The codebase does not seem to have an equivalent function. I suggest incorporating the expect or a similarly named function into the ITensors.jl or PastaQ.jl package, which will lead to significant performance improvements.

Additionally, if an equivalent function already exists in the codebase, I recommend updating the tutorial to use this function instead of inner to make it more performance-oriented and user-friendly.

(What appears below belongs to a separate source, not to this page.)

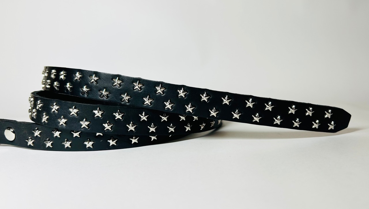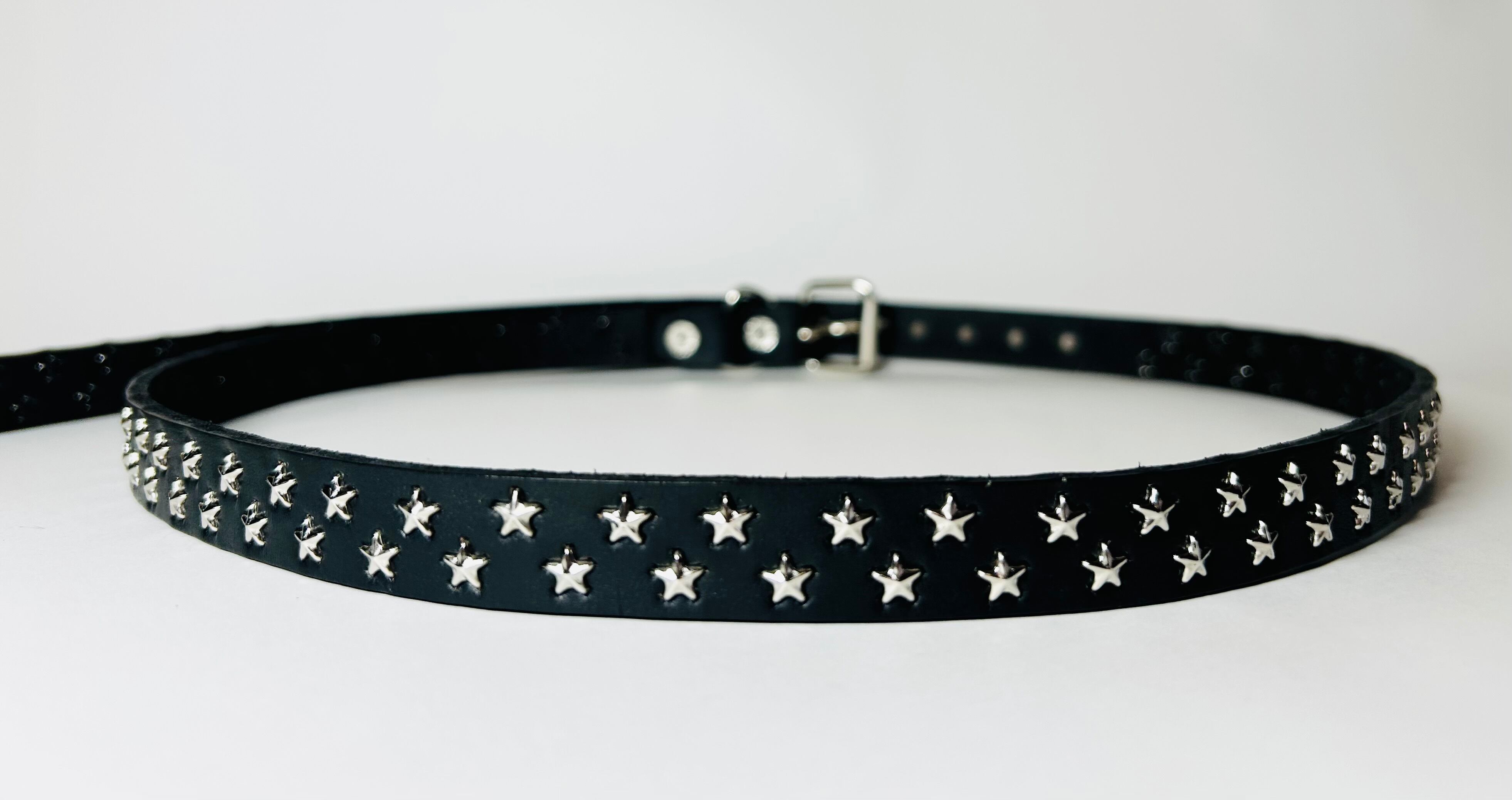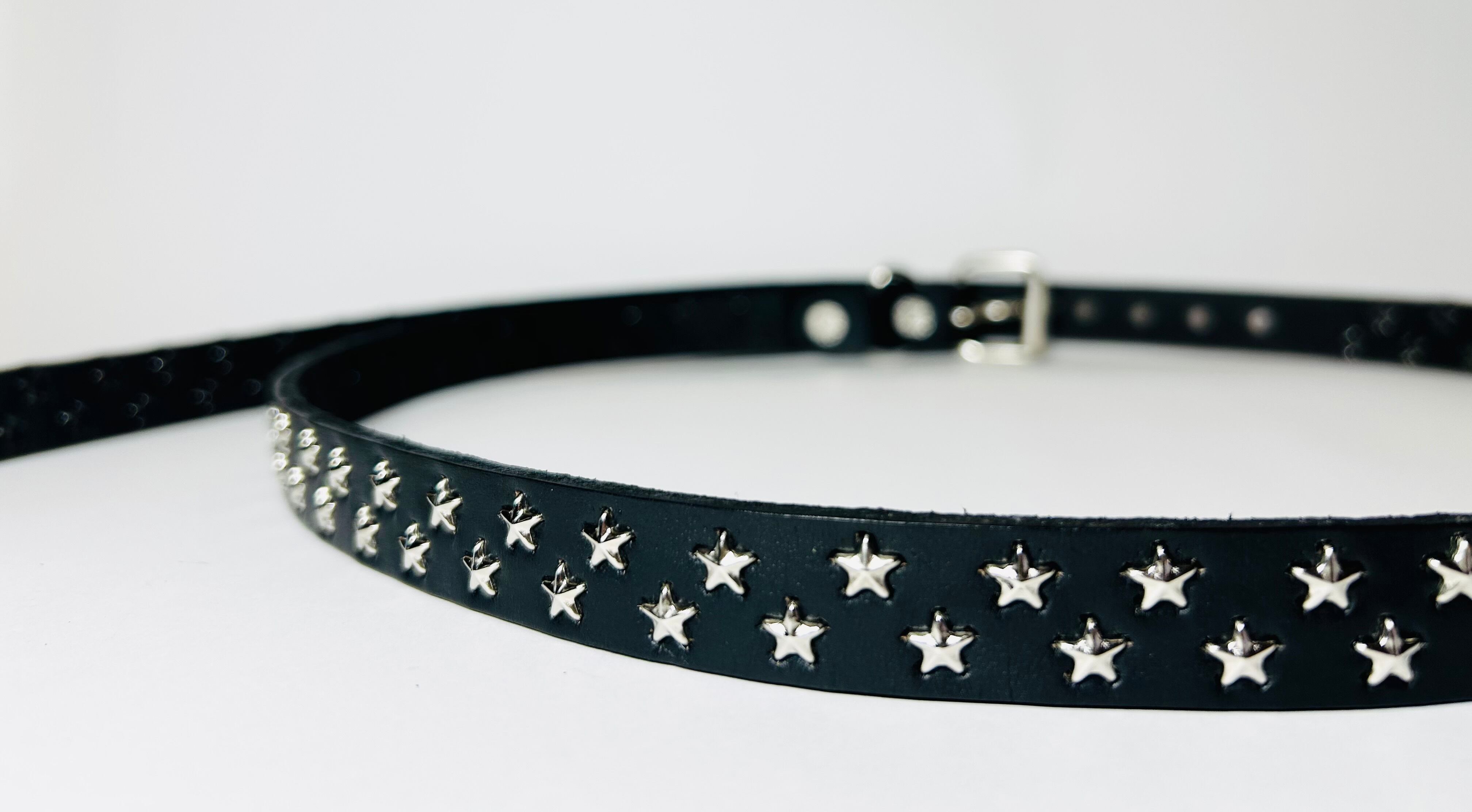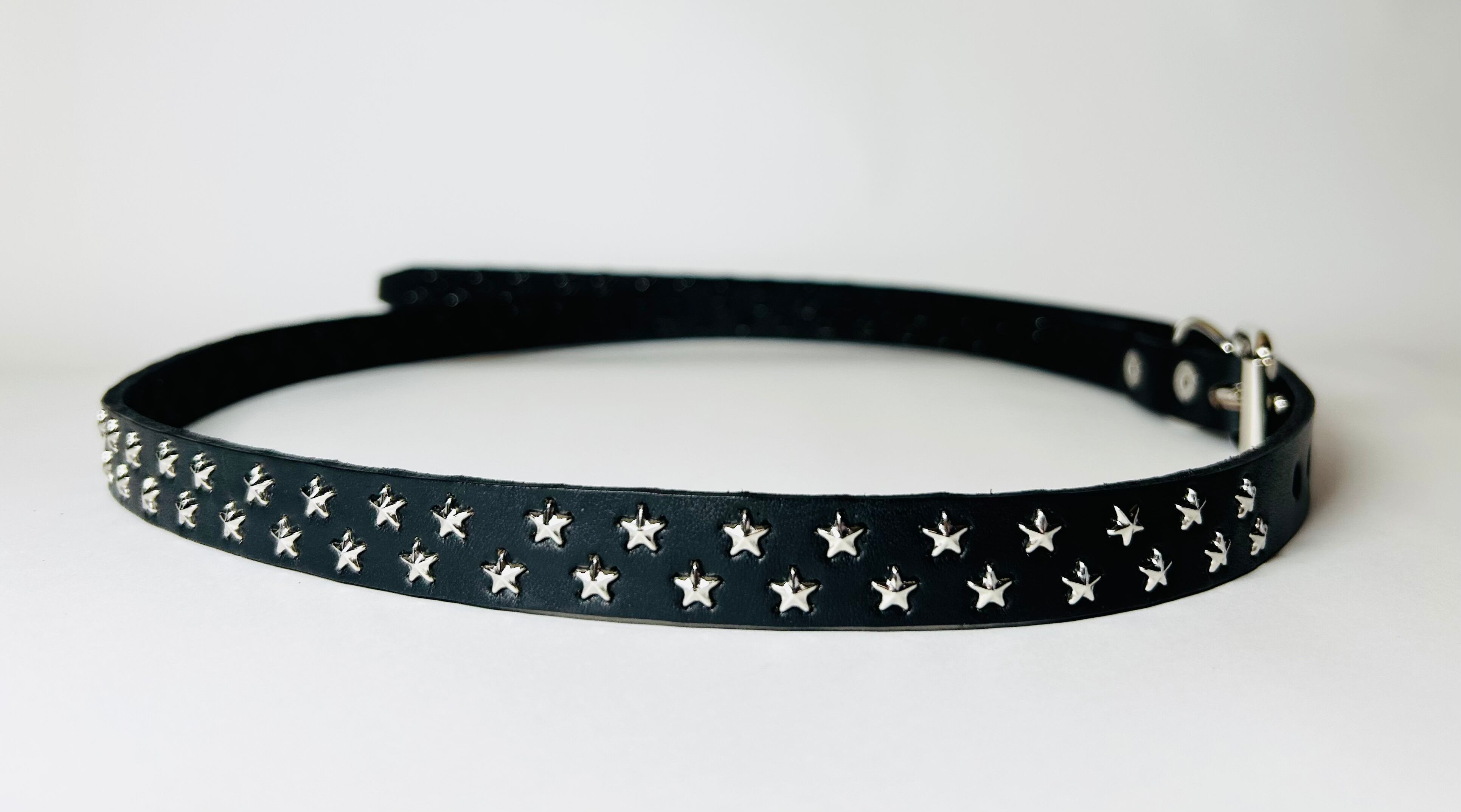 ベルト全体の360度にスタースタッズを施したナローベルト。バックルの留め具がスナップボタン式ですのでバックルの取り外しが可能です。

@danielalcalde danielalcalde changed the title Performance Enhancement: Implementing expect Function to Exploit Hermitian Nature of H and Similarity of States Performance Enhancement: Implementing expect Function to Exploit Hermitian Nature of H Jun 22, 2023
@danielalcalde danielalcalde changed the title Performance Enhancement: Implementing expect Function to Exploit Hermitian Nature of H Gradient Performance Enhancement: Implementing expect Function to Exploit Hermitian Nature of H Jun 22, 2023
@mtfishman
Copy link
Collaborator

That's an impressive speedup! I was trying to think if we can do this same kind of optimization automatically in our inner rrule but I don't really see how besides manually checking if the bra and ket MPS are the same. That could technically work but is a bit tricky.

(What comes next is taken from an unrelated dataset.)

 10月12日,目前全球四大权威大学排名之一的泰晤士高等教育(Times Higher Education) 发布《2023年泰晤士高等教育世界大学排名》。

The main issue I see with your proposal is if H isn't Hermitian, that derivative wouldn't be correct. We could have a flag ishermitian which you can pass to inner, but it's a bit funny having a keyword argument that's only used by the derivative rule. Alternatively we could just say that expect should be used with Hermitian MPOs, though I'm not sure I like that.

@danielalcalde
Copy link
Author

As motivation, I have an example with 2x speedup here. Note that the larger the bond dimension of the Hamiltonian the larger the speedup.

using PastaQ
using ITensors
using Random
using Printf
using OptimKit
using Zygote
using BenchmarkTools

N = 10   # number of qubits
J = 1.0  # Ising exchange interaction
h = 0.5  # transverse magnetic field

# Hilbert space
hilbert = qubits(N)

function ising_hamiltonian(N; J, h)
  os = OpSum()
  for j in 1:(N - 1)
    os += -J, "Z", j, "Z", j + 1
  end
  for j in 1:N
    os += -h, "X", j
  end
  return os
end

# define the Hamiltonian
os = ising_hamiltonian(N; J, h)

# build MPO "cost function"
H = MPO(os, hilbert)

cutoff = 1e-10

# layer of single-qubit Ry gates
Rylayer(N, θ) = [("Ry", j, (θ=θ[j],)) for j in 1:N]

# brick-layer of CX gates
function CXlayer(N, Π)
  start = isodd(Π) ? 1 : 2
  return [("CX", (j, j + 1)) for j in start:2:(N - 1)]
end

# variational ansatz
function variationalcircuit(N, depth, θ)
  circuit = Tuple[]
  for d in 1:depth
    circuit = vcat(circuit, CXlayer(N, d))
    circuit = vcat(circuit, Rylayer(N, θ[d]))
  end
  return circuit
end

depth = 20
ψ = productstate(hilbert)

cutoff = 1e-8
maxdim = 200

# cost function
function loss(θ)
  circuit = variationalcircuit(N, depth, θ)
  Uψ = runcircuit(ψ, circuit; cutoff, maxdim)
  return inner(Uψ', H, Uψ; cutoff, maxdim)
end
    
function expect(ψ, H; kwargs...)
    return real(inner', H, ψ; kwargs...))
end

Zygote.@adjoint function expect(ψ, H; kwargs...)
    function (ȳ)
        ψbar = contract(H, ψ'; kwargs...)
        return* 2 * ψbar, nothing
    end
   return expect(ψ, H; kwargs...), f̄
end
    
function loss2(θ)
  circuit = variationalcircuit(N, depth, θ)
  Uψ = runcircuit(ψ, circuit; cutoff, maxdim)
  return expect(Uψ, H; cutoff, maxdim)
end

Random.seed!(1234)

# initialize parameters
θ₀ = [2π .* rand(N) for _ in 1:depth];
        
gradient(loss, θ₀) .≈ gradient(loss2, θ₀)
# (true,)
        
@benchmark gradient(loss, θ₀)
BenchmarkTools.Trial: 3 samples with 1 evaluation.
 Range (min  max):  1.441 s     2.184 s  ┊ GC (min  max):  6.06%  37.79%
 Time  (median):     1.455 s               ┊ GC (median):     6.00%
 Time  (mean ± σ):   1.694 s ± 425.015 ms  ┊ GC (mean ± σ):  19.57% ± 18.46%

  ██                                                       █  
  ██▁▁▁▁▁▁▁▁▁▁▁▁▁▁▁▁▁▁▁▁▁▁▁▁▁▁▁▁▁▁▁▁▁▁▁▁▁▁▁▁▁▁▁▁▁▁▁▁▁▁▁▁▁▁▁█ ▁
  1.44 s         Histogram: frequency by time         2.18 s <

 Memory estimate: 648.61 MiB, allocs estimate: 1518320.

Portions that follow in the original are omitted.